• [WHAT YOU NEED TO DO] Only one span is wanted from the lines below: from the one with "1)找到并打开索尼C3 S5" up to and including the one with "7.3.1 Buy Stamford". Copy it exactly, without images.

• [DATA BELOW]
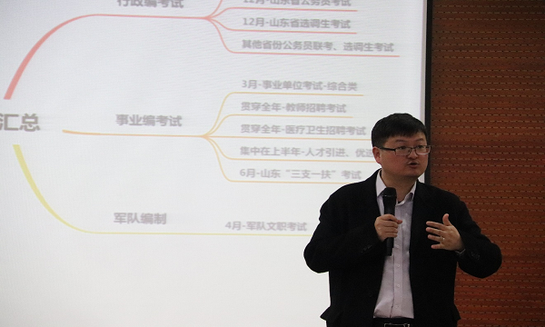 为帮助同学们了解当前的就业形势,明确自己的专业优势,3月25日上午,公司特邀中公教育山东研究院经理张辉于政史楼A106报告厅做题为“做‘最好’的自己”职业生涯规划的报告会。本次报告会公司2019级全体员工参加。 张经理结合个人成长经历以及多年来丰富的备考指导经验和授课实践,与同学们进行了深入交流。他以疫情对中国企业造成的不良影响为切入点,简单明了地说明了企业减少而本科生增加的现状,提醒同学们应立刻考虑努力方向并付诸实践,为在毕业后的竞争中增加筹码。 随后,张经理从“我是谁”“我想干什么”“我能干什么”“环境支持和允许我干什么”“自己最终的职业目标是什么”五大方面讲述如何做好职业规划,并结合当前本科毕业生五大方向“考研、留学、创业、考公考编、打工”进行具体阐述。张经理提到考研是大势所趋,希望同学们在大学四年向更高更远处发展,并就企业类、公益类、证书类、升学类、行政编考试、事业编考试和军队编制这七大类,为同学们详细介绍了各种考试的条件、时间和内容,鼓励同学们备考“三支一扶”等基层岗位。最后,张经理告诉同学们,毕业找工作应根据自己的兴趣,结合企业现在和未来的发展,尽可能地选择朝阳行业。张经理不时与同学们互动,演讲风趣幽默,深入浅出,整个报告会在热情洋溢的气氛中结束。 会后,同学们纷纷表示,此次报告会对帮助在校老员工拓展视野、开阔思路、转变思维方式、定好人生目标等方面具有很好的指导意义,有助于同学们树立正确的择业观与就业价值观。
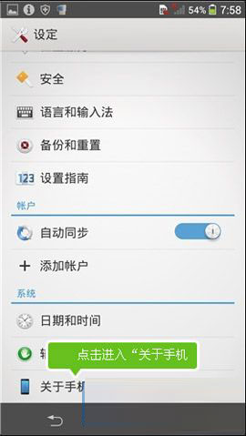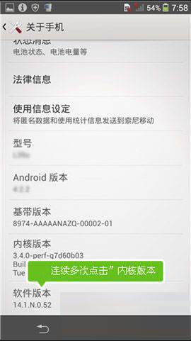 1)找到并打开索尼C3 S55T的手机【设定】,点击【关于手机】,连续点击【内核版本】。(如下图)
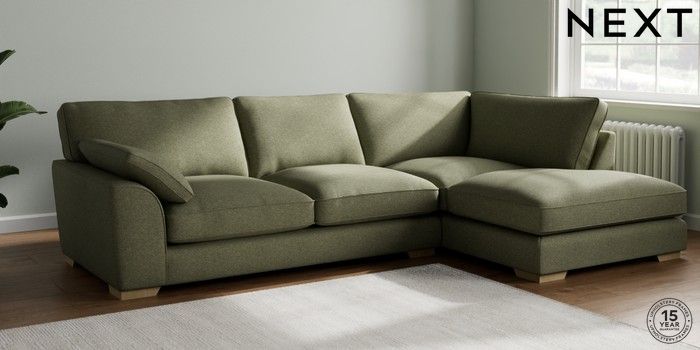7.3.1 Buy Stamford Grand Relaxed Sit Large Corner Chaise - Right Hand Tweedy Chenille Mid Moss Green Large Square Angle - Light from the Next UK online shop Click here to use our accessible website
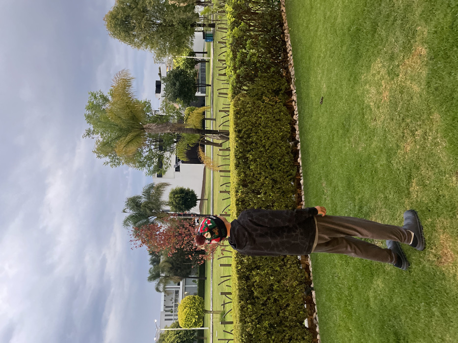 A person stands on green grass next to a neatly trimmed hedge. They wear a dark patterned jacket, tan pants, and dark shoes. A colorful hat adorns their head. Behind the hedge is a manicured landscape featuring various trees, including palms, and white buildings under a cloudy sky. The grass extends into the distance on the right side of the frame.

• [OUTPUT OF THE EXERCISE]
 1)找到并打开索尼C3 S55T的手机【设定】,点击【关于手机】,连续点击【内核版本】。(如下图)
7.3.1 Buy Stamford Grand Relaxed Sit Large Corner Chaise - Right Hand Tweedy Chenille Mid Moss Green Large Square Angle - Light from the Next UK online shop Click here to use our accessible website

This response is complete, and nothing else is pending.